La spécialisation sociale accrue des ZUS

Compte tenu du blocage de la mobilité résidentielle, il n’est pas étonnant de constater une spécialisation sociale accrue des Zones urbaines sensibles. Cette évolution traduisant pour partie le blocage de l’ascenseur résidentiel qui accompagne le blocage de l’ascenseur social. Les deux premiers rapports de l’0bservatoire des zones urbaines sensibles confirment, en les précisant par des données chiffrées, des constats qui pour être connus, sont néanmoins inquiétants .

Le rapport 2004 note que ce sont les « obstacles rencontrés pour se loger dans le secteur privé (qui) conduisent les ménages pauvres à s’orienter vers le logement social, et à l’intérieur de ce parc, la nature de l’offre, la moindre mobilité des ménages bénéficiant de logements sociaux bien situés hors ZUS et les mécanismes d’attribution des logements orientent les ménages pauvres dans les ZUS ». Si l’on ajoute à ces traits de la population des ZUS, un taux de chômage qui est le double du taux de chômage national (20% contre 10%), des difficultés scolaires qui se traduisent par un taux de retard important et une moindre proportion de diplômés, on identifie les traits dominants d’une population qui n’a souvent pas d’autre solution et qui une fois qu’elle accède à un logement en ZUS, possède de faibles perspectives de mobilité.

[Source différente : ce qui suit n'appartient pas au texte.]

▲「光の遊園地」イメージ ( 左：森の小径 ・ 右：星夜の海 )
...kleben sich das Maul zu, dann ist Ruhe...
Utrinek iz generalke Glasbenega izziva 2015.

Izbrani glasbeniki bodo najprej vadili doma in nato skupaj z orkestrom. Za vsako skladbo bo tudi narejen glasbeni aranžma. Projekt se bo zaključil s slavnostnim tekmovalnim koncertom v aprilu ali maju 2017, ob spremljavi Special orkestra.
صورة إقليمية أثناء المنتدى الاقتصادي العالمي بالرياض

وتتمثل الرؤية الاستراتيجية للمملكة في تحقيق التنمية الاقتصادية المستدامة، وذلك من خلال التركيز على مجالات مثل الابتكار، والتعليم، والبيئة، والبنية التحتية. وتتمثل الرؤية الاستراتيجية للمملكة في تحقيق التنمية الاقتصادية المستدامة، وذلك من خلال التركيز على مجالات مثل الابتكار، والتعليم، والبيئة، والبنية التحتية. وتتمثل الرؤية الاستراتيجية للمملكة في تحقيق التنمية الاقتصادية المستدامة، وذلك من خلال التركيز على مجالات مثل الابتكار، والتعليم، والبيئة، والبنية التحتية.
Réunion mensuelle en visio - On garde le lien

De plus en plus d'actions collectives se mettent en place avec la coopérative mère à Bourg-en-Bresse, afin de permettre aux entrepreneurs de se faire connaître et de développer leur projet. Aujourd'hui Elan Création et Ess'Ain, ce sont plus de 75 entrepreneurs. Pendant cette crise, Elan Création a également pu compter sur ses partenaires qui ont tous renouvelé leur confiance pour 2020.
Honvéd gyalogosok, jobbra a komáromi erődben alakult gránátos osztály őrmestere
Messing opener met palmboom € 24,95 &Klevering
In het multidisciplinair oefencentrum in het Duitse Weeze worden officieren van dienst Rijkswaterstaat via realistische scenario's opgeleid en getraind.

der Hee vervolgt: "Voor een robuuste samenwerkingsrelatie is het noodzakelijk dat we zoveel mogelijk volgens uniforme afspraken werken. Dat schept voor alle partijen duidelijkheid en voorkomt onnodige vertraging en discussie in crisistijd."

Sur ce point, le rapport 2005 de l’Observatoire des ZUS apporte un éclairage important puisqu’il montre le caractère sélectif de la mobilité résidentielle. Il souligne ainsi que « les populations les plus fragiles ont tendance à rester dans ces quartiers alors que les trajectoires sociales ascendantes s’accompagnent souvent d’un départ des ZUS ». La concentration de la pauvreté pose alors, comme le reconnaît le rapport, « la question de l’inégal accès territorial des ménages au logement selon leurs revenus » mais aussi celle du rôle d’accueil et d’intégration que jouent ces quartiers pour les populations modestes et pauvres.

Christophe Robert, responsable des études de la fondation Abbé Pierre.

Définitions

Un logement est considéré comme confortable s’il dispose d’une salle d’eau, d’un WC intérieur et d’un système de chauffage.

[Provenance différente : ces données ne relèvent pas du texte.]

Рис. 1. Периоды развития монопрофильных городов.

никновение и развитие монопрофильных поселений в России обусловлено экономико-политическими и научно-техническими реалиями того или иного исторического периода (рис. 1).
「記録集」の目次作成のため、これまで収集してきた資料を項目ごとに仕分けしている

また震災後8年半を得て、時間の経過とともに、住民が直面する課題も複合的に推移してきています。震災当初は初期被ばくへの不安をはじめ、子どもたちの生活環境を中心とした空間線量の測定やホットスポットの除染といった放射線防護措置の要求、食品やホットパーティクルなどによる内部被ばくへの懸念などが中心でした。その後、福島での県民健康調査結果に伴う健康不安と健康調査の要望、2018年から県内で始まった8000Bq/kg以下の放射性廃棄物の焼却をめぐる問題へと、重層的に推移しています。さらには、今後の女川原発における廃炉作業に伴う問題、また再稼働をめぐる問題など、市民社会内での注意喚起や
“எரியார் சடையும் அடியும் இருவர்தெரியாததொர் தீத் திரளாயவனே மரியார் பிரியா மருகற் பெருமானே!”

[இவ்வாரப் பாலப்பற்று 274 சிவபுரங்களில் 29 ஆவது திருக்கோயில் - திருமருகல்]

Le surpeuplement accentué fait référence à la norme Insee basée sur la comparaison du nombre effectif de pièces composant le logement et d’un nombre normatif de pièces dites « nécessaires » au ménage calculé en fonction de sa taille, de l’âge et de la situation familiale de ses membres (schématiquement, on compte une pièce de séjour pour le ménage, une pièce pour chaque personne de référence d’une famille, une pièce pour les personnes hors famille non célibataires et les célibataires de 19 ans et plus, et, pour les célibataires de moins de 19 ans, une pièce pour deux enfants s’ils sont de même sexe ou s’ils ont moins de 7 ans, sinon une pièce par enfant). Le logement est considéré en « surpeuplement accentué » si le nombre de pièces nécessaires au ménage ainsi déterminé est supérieur de plus d’une unité à celui constaté.

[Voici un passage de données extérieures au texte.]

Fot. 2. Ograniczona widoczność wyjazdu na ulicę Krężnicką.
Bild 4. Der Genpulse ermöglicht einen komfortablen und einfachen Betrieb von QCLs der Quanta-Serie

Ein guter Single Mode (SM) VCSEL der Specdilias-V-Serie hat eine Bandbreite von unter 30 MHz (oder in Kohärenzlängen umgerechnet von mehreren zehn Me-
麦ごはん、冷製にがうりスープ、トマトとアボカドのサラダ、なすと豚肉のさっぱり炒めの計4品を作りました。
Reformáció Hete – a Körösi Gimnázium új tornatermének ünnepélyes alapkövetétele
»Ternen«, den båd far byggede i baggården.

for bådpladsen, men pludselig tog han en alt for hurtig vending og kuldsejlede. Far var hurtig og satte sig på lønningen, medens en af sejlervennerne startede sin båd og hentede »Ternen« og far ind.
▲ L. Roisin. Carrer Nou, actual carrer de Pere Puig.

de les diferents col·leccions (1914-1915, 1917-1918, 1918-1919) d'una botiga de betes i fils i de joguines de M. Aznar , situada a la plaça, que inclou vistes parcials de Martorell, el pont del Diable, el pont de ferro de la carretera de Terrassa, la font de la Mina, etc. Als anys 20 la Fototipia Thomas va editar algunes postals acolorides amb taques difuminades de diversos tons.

Le surpeuplement au sens large retient la norme fondée sur le nombre de pièces pour les deux pièces et plus et fait intervenir la surface pour les logements d’une pièce : est considéré comme surpeuplé au sens large un logement dont la surface habitable est inférieure à 18 m2 par personne de référence plus 12 m2 par autre personne de 14 ans ou + 9 m2 par enfant de moins de 14 ans.